So, gelesen. Und relativ angetan davon.
Ein, zwei Längen hatte auch für mich das Buch, allerdings eher zu Beginn und die Längen waren auch nur von kurzer Dauer. Mit fortschreitender Seitenzahl zog mich die Geschichte immer mehr in ihren Bann.
Die in vorigen Beiträgen angesprochenen Szenen hatten mich anfangs auch etwas abgestoßen, aber ich glaube, ohne eben diese hätte die Geschichte nicht so funktioniert. Schlußendlich war dies ja auch ein kleiner Teil dessen, was des Protagonisten Sinneswandel mit sich brachte. Trotzdem hat es irgendwie einen schalen Nachgeschmack hinterlassen.
Sprachlich hat es mir sehr sehr gut gefallen, ebenso wie die kleinen philosophischen Ausflüge und die plastischen Charaktere.
Ich fing an zu lernen, dass die Größe der Liebe, die wir für jemanden empfinden, sich darin zu erkennen gibt, wie sehr wir jemanden hassen.
Denn so ist der Mensch in seiner Schwachheit: Er hofft und bringt diese Hoffnung unendlich oft zum Ausdruck, und diese ewige Wiederholung bewirkt, dass der Wunsch mit der Wirklichkeit verwechselt wird.

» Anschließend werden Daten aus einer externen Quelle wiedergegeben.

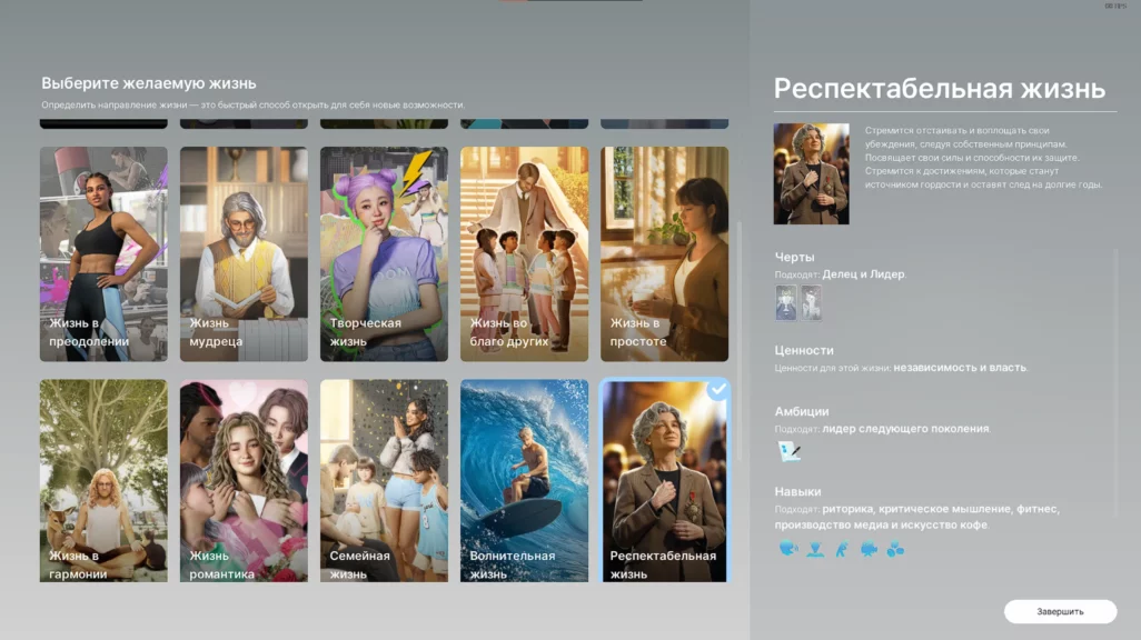 Жизненную цель лучше всего брать в паре с подходящей чертой характера. Например, «Лидеру» подойдет «Респектабельная жизнь». От цели будут зависеть предпочтения персонажа и то, чего он хочет достичь в рамках виртуального существования. Всего на выбор 15 жизненных целей и одна универсальная — нет конкретной привязки к ценностям и предпочтениям, свободный режим игры.

Alle Augen schauen, wenige beobachten, sehr wenige erkennen. Nun sah ich sie an auf der Suche nach Menschlichkeit und fand eine Frau.
Es sind Sätze wie diese, die mein Leserherz erfreuen. Den Schluß fand ich passend, der Kreis hat sich für mich geschlossen.
Zumindest

hat es sich in meinen Augen verdient, das zweite Buch des Autors ist sofort auf die Wunschliste gewandert.